This was below our own and market expectations for 0.7 per cent quarter on quarter or 3.1 per cent year on year.
In terms of the expenditure drivers: trade added 0.8 percentage points to growth as export volumes remain strong, but consumer spending (up 0.5 per cent quarter on quarter) was weaker than expected, non-dwelling construction (down 6.7 per cent quarter on quarter) fell more than expected as the mining investment slump continues to impact and public investment and inventories detracted more than expected from growth.
Terms of trade are continuing to slide (down 3.5 per cent quarter on quarter, or 8.9 per cent year on year) as commodity prices continue to fall, and this is weighing heavily on national income.
The ABS’ measure of real gross domestic income (which adjusts GDP for the reduced national purchasing power flowing from the falling terms of trade) fell 0.4 per cent and is now down for two quarters in a row resulting in an “income recession” (using the two consecutive quarters rule of thumb).
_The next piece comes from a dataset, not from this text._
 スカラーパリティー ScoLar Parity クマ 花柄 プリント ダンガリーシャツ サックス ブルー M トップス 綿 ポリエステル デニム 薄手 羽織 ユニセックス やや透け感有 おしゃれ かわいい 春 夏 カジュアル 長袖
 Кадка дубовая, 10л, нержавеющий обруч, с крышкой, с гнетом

There were some positives.
In particular, productivity growth is running around 2 per cent per annum, which is well up from several years ago; the household savings rate remains high at 9.3 per cent, indicating that households have a reasonable buffer that they can draw on; and growth in export volumes is strong as resource investment projects are completing.
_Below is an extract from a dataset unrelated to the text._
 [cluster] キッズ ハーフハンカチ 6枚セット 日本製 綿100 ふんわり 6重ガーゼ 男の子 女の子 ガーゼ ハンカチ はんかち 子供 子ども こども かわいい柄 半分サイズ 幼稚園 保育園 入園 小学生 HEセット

And the two-speed economy is really going into reverse, with real final demand up 1.3 per cent quarter on quarter or 4.7 per cent year on year in NSW, but down 2 per cent quarter on quarter or down 4.8 per cent year on year in Western Australia.
There is also a danger in dwelling two much on the slump in real gross domestic income flowing from the falling terms of trade.
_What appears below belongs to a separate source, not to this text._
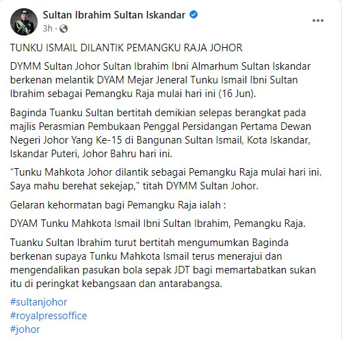 Tunku Sultan Ibrahim later confirmed TMJ’s appointment as regent on his official Facebook. Additionally, he expressed his wishes for his son to continue leading the JDT football team. “Tunku Sultan Ibrahim also said to announce His Majesty’s wish for Tunku Mahkota Ismail to continue to lead and manage the JDT football team to dignify the sport at the national and international levels,” the statement read.

While we have now had two quarters of decline on this measure resulting in an “income recession”, it’s not actually a new phenomenon as we also had income recessions in 2011-12 and through the GFC.
More importantly, while swings in the mining and energy export prices are very important for resource companies and hence for government revenues their impact on the rest of the economy is far more modest.
For example, real gross domestic income surged through 2010-11 suggesting a booming national economy but at the time the “two speed economy” was at its worst with sectors like home building, retailing, tourism and manufacturing really struggling. Now these sectors are starting to come back to life to varying degrees.
The September quarter national accounts are actually consistent with the RBA’s forecast for GDP growth to slow to 2.5 per cent for the year to the December quarter this year, and we continue to see growth picking up to around 3 per cent next year as the rebalancing of the economy continues.
However, with the terms of trade falling sharply the risks are skewed to the downside and so if more assistance to the economy is not delivered by a further fall in the value of the Australian dollar in the months ahead there is a now a high chance that the RBA will respond with another rate cut early next year.